Azure Synapse Analytics workspace enables you to implement the Lakehouse pattern on top of Azure Data Lake storage.

When you think about your lakehouse solution, be aware that there are two options for creating databases over the lake:

  • Lake databases that are created using Spark or database template
  • SQL databases that are created using serverless SQL pools on top of data lake.

Although you might use different tools and languages to create these types of databases, the principles described in this article apply to both types. I will use the term "lakehouse" whenever i reference Spak Lake database or SQL database created using the serverless SQL pools.

 

While designing the Lakehouse solution, you should carefully organize your databases and tables based on the underlying folder structure. In this article, you will find some best practices and recommendations that can help you to organize your lakehouses if you are using Synapse Analytics workspace to implement them.

 

Deploying synapse workspace

Azure Synapse Analytics enables you to use T-SQL (Transact-SQL) and Spark languages to implement a Lakehouse pattern and access your data in the lake. The first step that you need to take is to create a Synapse Analytics workspace service.

You can easily create your workspaces using the Azure Deployment Template available on the Azure Synapse samples GitHub repository. In this section, we will discuss some naming conventions that you can use with this template.

By using this template, you will see the following form where you can deploy a new workspace on top of the existing Azure Data Lake Storage (or the storage will be created as a part of the creation process).

 

JovanPop_0-1637773525239.png

 

When you fill in this form, you should have in mind some best practices:

  • You need to have a unique name for your workspace. The workspace name must be globally unique, so you might add your company name (e.g., Contoso) as a workspace prefix to differentiate it from the others. You can also use some suffixes to differentiate different departments (HR, Finance, Sales), groups, or teams who are using the workspaces within your company. You might use some recommended prefixes like syn- or synw-, or suffixes like -ws or -workspace, to classify the resource. Just note that you would need to use all these prefixes in any connection string, so longer names will be harder to write.
    • Use dash separator (-) to separate the prefix, complex name, and suffix, to improve readability.
    • If you are using workspaces in different regions, a good practice might be to put the region code (weu2, eus1) in the workspace and storage account name. This way you will easily verify that you are not dislocating the workspace and the underlying storage.
  • Prefer to use a single storage account for the workspaces in the same region. Using separate Data Lakes for different workspaces might unnecessarily increase the complexity, without benefit. You can configure permissions on a single shared Data Lake storage account to ensure who is accessing data. Use separate workspaces only if you have some company/security/privacy policy or other reason to do this.

The default assumption should be that there should be multiple workspaces in the same region referencing a single Data Lake. The workspaces might reference different Data Lake storages, but this should be an exception.
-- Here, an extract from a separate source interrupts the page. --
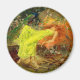 Magnet représentant la peinture d’Arthur Wardle A Fairy Tale (1895). Une jeune femme aux longs cheveux rouges porte une robe jaune et dort dans une forêt verte à côté du chevreuil, du lapin et du paon. Un beau cadeau pour les amateurs de contes de fées et les amateurs d'art anglais !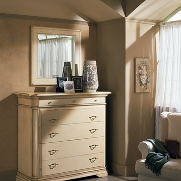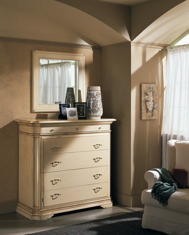A chest of drawers from the Italian manufacturer at the stilema stand. The model consists of four wide drawers with metal hardware. The frame is made from solid wood. Finish - lacquer ivory and age. The model is made in classic style.

Try to follow multiple-workspaces-single-lake idea whenever it is applicable.

 

Organize your workspaces

A workspace is a collection of lakehouse databases that are exposing Data Lake files, scripts/notebooks, and other artifacts that you are using to analyze data. Data Lake should be able to store all data that you need in a single region. In most of the cases, you can create one Data Lake and point multiple workspaces to the same lake.

JovanPop_6-1637774446062.png

 

Imagine a workspace as a "project" where you create Lakehouse databases, scripts, notebooks, and all other artifacts that engineers and analysts will need to use. The underlying data lake contains the real data.

If the workspaces share the same data lake, they need to have separate folders for the workspace-specific data. Therefore, you should have a separate Data Lake container for each workspace within the data lake that will contain workspace-specific data.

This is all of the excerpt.